*** Records provided Section Begins ***

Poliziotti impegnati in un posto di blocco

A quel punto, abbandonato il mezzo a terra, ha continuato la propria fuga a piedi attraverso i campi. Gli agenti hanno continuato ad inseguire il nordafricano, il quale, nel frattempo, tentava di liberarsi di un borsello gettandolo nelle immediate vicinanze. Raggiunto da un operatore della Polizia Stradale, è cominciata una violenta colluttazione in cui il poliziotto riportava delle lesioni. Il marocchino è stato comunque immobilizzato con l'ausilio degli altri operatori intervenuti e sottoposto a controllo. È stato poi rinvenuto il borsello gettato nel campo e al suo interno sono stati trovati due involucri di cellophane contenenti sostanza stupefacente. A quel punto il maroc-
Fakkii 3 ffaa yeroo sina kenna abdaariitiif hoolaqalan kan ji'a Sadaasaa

*** Records provided Section Ends ***
*** Records provided Section Begins ***

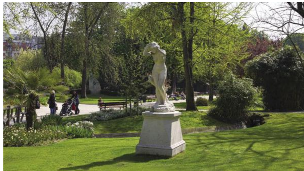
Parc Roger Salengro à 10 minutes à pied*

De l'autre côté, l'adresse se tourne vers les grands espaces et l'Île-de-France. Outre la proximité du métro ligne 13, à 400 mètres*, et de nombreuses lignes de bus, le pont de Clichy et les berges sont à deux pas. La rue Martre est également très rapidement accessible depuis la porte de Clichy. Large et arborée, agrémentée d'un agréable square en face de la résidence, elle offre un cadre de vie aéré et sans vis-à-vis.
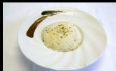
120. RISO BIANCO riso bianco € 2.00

*** Records provided Section Ends ***
*** Records provided Section Begins ***

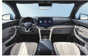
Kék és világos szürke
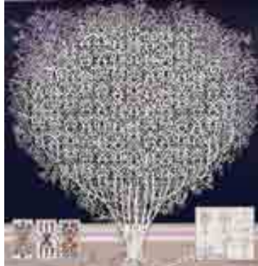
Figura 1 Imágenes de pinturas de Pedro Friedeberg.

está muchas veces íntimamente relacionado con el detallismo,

*** Records provided Section Ends ***

Your assignment: Exact duplication is required for the lines above, from the line that contains "A quel punto, abbandonato" to the line that contains "Fakkii 3 ffaa", inclusive; omit all others.

Solution to this problem:
A quel punto, abbandonato il mezzo a terra, ha continuato la propria fuga a piedi attraverso i campi. Gli agenti hanno continuato ad inseguire il nordafricano, il quale, nel frattempo, tentava di liberarsi di un borsello gettandolo nelle immediate vicinanze. Raggiunto da un operatore della Polizia Stradale, è cominciata una violenta colluttazione in cui il poliziotto riportava delle lesioni. Il marocchino è stato comunque immobilizzato con l'ausilio degli altri operatori intervenuti e sottoposto a controllo. È stato poi rinvenuto il borsello gettato nel campo e al suo interno sono stati trovati due involucri di cellophane contenenti sostanza stupefacente. A quel punto il maroc-
Fakkii 3 ffaa yeroo sina kenna abdaariitiif hoolaqalan kan ji'a Sadaasaa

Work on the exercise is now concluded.